Given entries
>>>
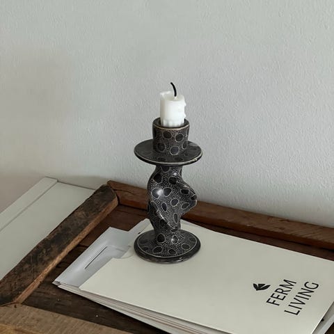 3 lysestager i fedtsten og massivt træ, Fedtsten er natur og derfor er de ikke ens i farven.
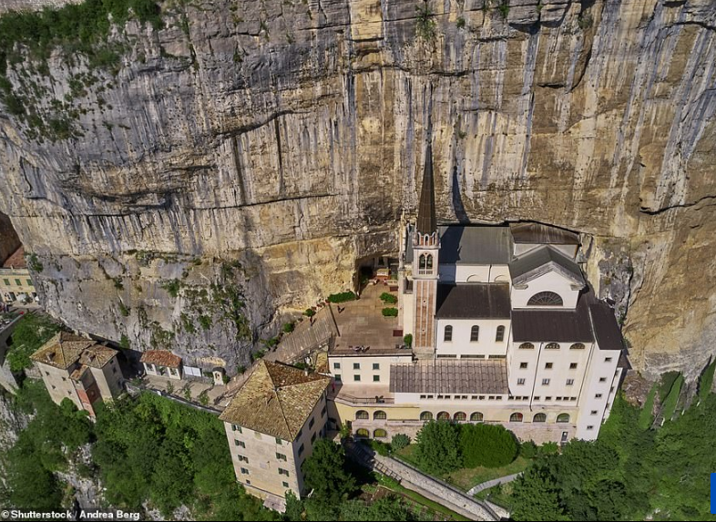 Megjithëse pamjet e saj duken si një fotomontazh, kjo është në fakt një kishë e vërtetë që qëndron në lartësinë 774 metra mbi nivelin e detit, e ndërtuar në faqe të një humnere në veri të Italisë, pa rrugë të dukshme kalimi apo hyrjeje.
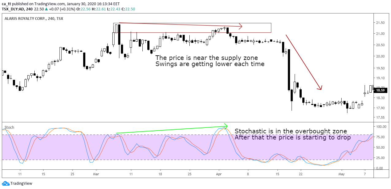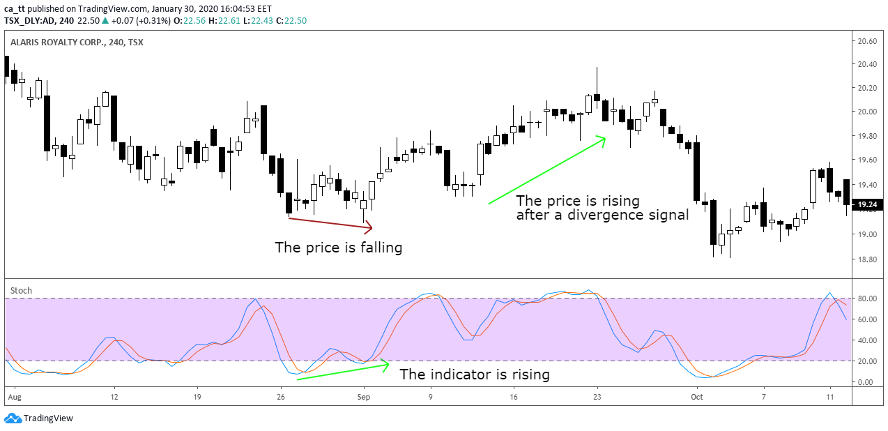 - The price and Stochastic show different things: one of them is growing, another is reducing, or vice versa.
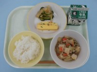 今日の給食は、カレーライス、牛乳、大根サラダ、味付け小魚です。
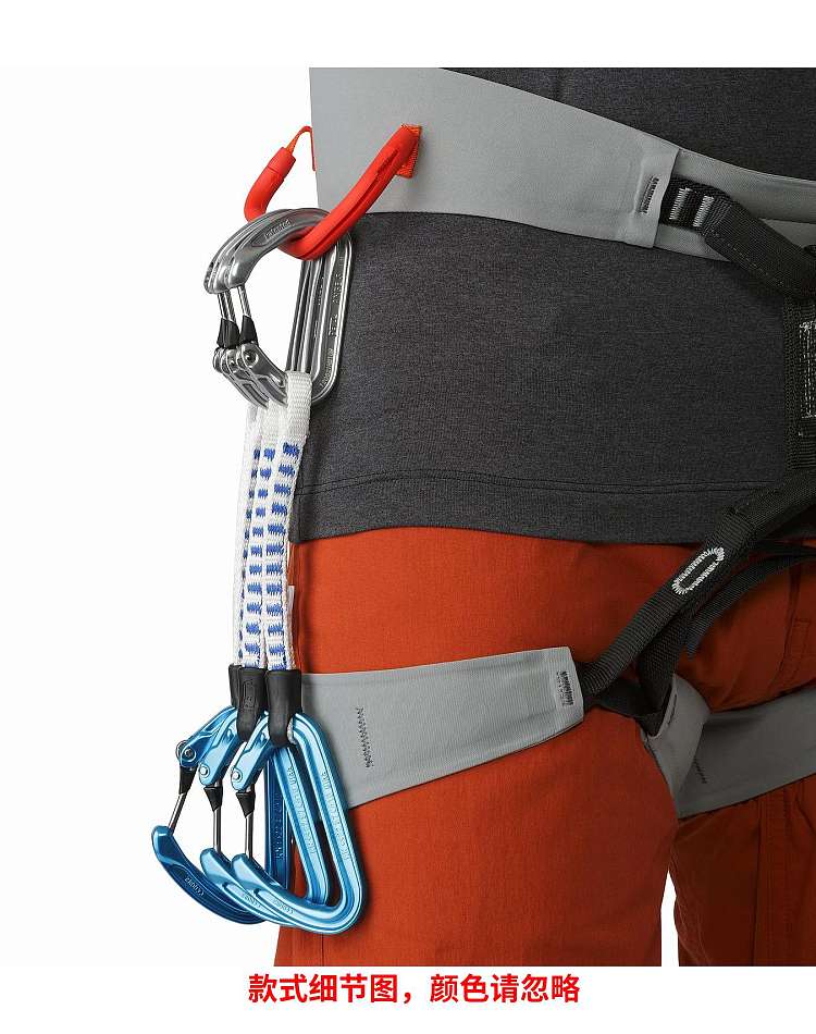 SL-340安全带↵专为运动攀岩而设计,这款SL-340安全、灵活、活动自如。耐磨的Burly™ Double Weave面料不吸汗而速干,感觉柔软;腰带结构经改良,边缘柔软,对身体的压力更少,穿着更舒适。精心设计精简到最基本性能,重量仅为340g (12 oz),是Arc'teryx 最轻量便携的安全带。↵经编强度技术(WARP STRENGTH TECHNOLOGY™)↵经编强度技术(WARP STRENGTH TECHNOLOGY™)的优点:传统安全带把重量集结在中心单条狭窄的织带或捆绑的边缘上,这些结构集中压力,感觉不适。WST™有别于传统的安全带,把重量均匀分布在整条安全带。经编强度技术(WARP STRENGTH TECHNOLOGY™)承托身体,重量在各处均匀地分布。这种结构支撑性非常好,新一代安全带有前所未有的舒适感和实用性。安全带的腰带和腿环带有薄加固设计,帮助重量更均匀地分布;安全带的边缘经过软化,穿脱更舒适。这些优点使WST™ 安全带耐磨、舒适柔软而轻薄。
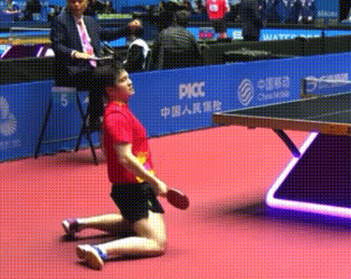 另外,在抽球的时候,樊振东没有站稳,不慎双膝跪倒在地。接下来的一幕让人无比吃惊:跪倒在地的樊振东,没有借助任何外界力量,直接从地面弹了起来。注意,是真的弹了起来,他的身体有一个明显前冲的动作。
<<<
>>>
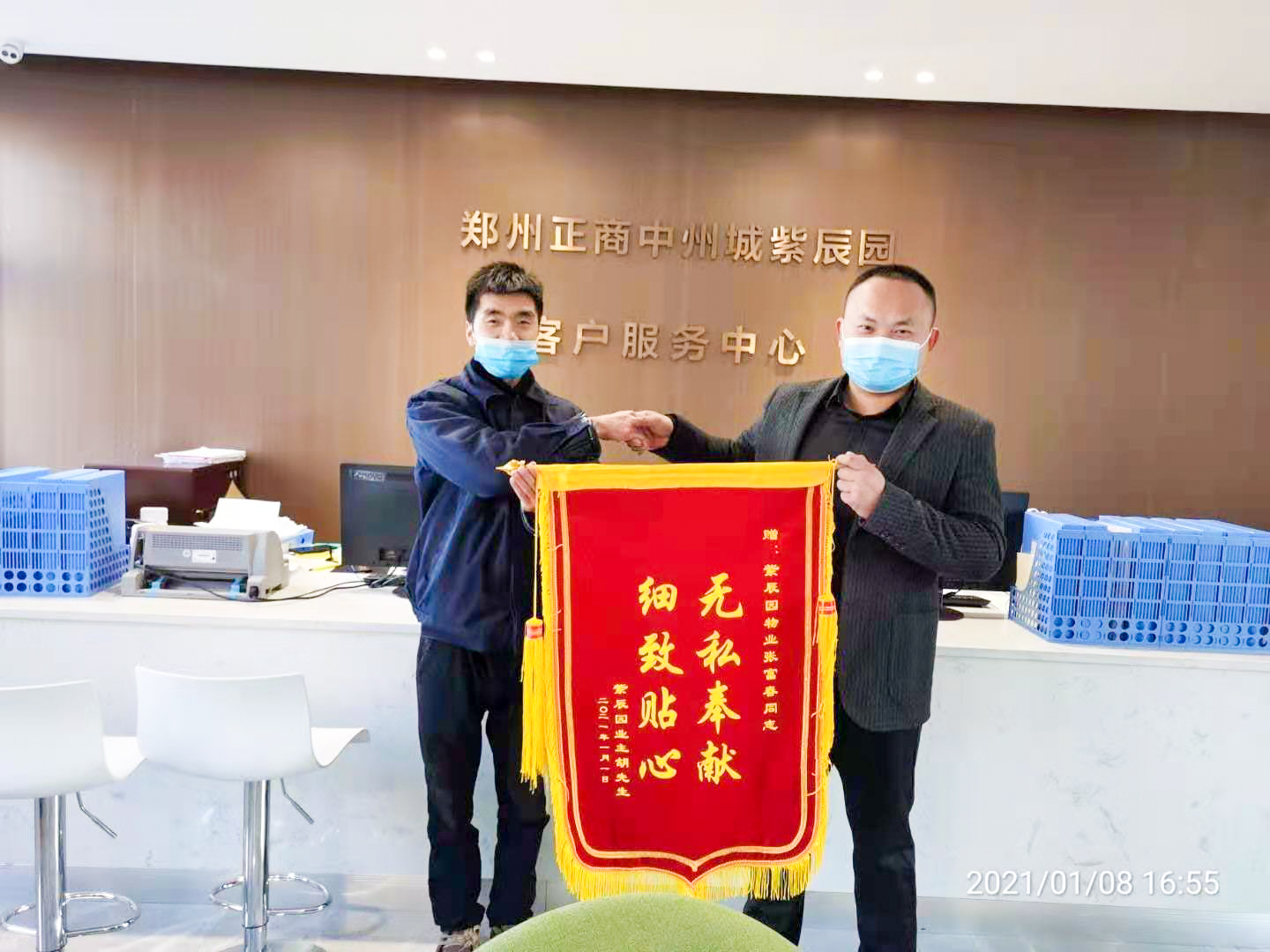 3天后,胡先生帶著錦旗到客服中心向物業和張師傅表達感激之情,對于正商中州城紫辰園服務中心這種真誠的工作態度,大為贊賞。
<<<
>>>
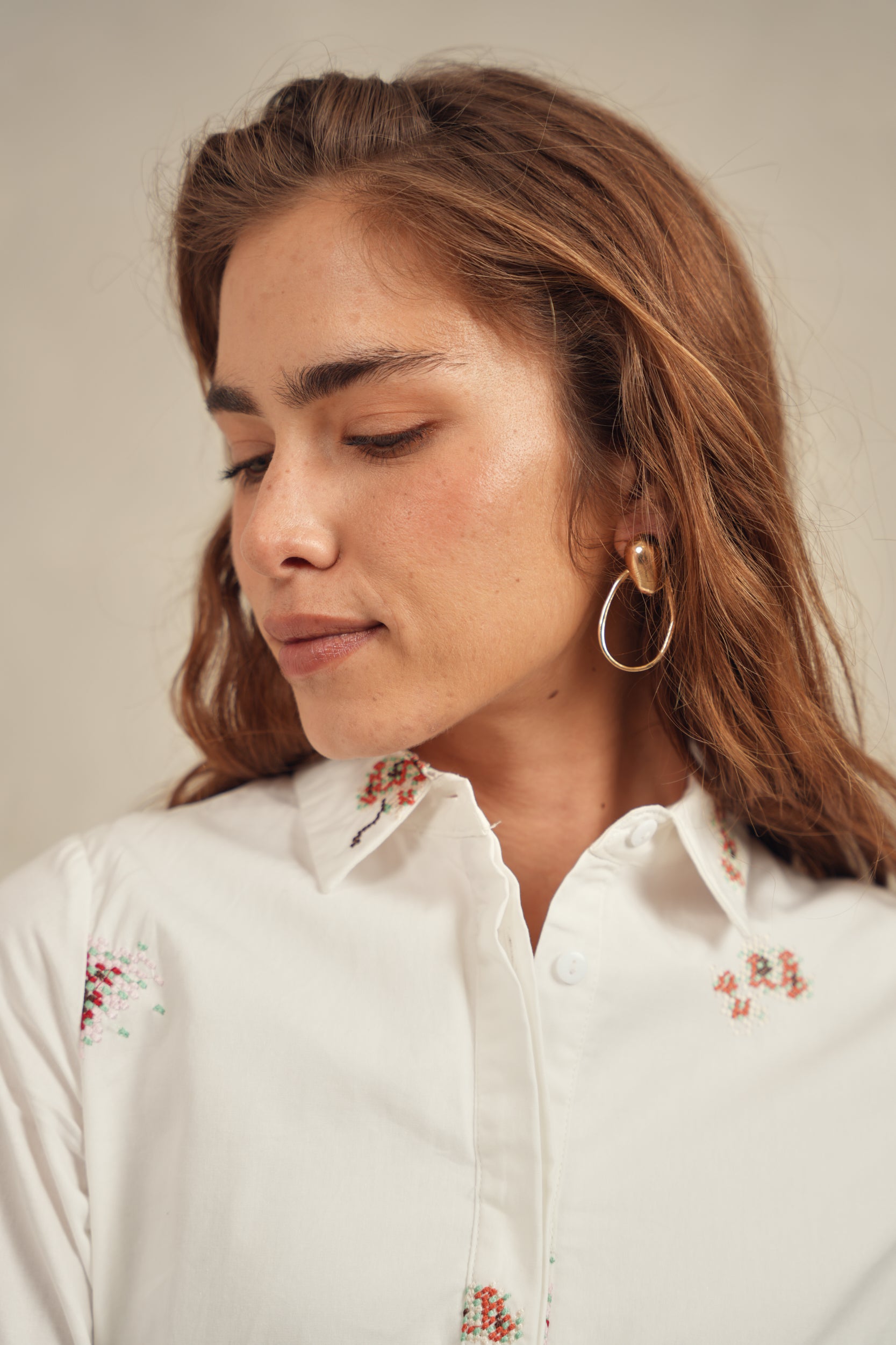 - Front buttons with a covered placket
<<<
Your goal
Your reply should consist solely of the lines above from the line containing "今日の給食は、カレーライス、牛乳、大根サラダ、味付け小魚です。" up to and including the line containing "另外,在抽球的时候,樊振东没", reproduced exactly, minus the pictures.

Exercise result
 今日の給食は、カレーライス、牛乳、大根サラダ、味付け小魚です。
 SL-340安全带↵专为运动攀岩而设计,这款SL-340安全、灵活、活动自如。耐磨的Burly™ Double Weave面料不吸汗而速干,感觉柔软;腰带结构经改良,边缘柔软,对身体的压力更少,穿着更舒适。精心设计精简到最基本性能,重量仅为340g (12 oz),是Arc'teryx 最轻量便携的安全带。↵经编强度技术(WARP STRENGTH TECHNOLOGY™)↵经编强度技术(WARP STRENGTH TECHNOLOGY™)的优点:传统安全带把重量集结在中心单条狭窄的织带或捆绑的边缘上,这些结构集中压力,感觉不适。WST™有别于传统的安全带,把重量均匀分布在整条安全带。经编强度技术(WARP STRENGTH TECHNOLOGY™)承托身体,重量在各处均匀地分布。这种结构支撑性非常好,新一代安全带有前所未有的舒适感和实用性。安全带的腰带和腿环带有薄加固设计,帮助重量更均匀地分布;安全带的边缘经过软化,穿脱更舒适。这些优点使WST™ 安全带耐磨、舒适柔软而轻薄。
 另外,在抽球的时候,樊振东没有站稳,不慎双膝跪倒在地。接下来的一幕让人无比吃惊:跪倒在地的樊振东,没有借助任何外界力量,直接从地面弹了起来。注意,是真的弹了起来,他的身体有一个明显前冲的动作。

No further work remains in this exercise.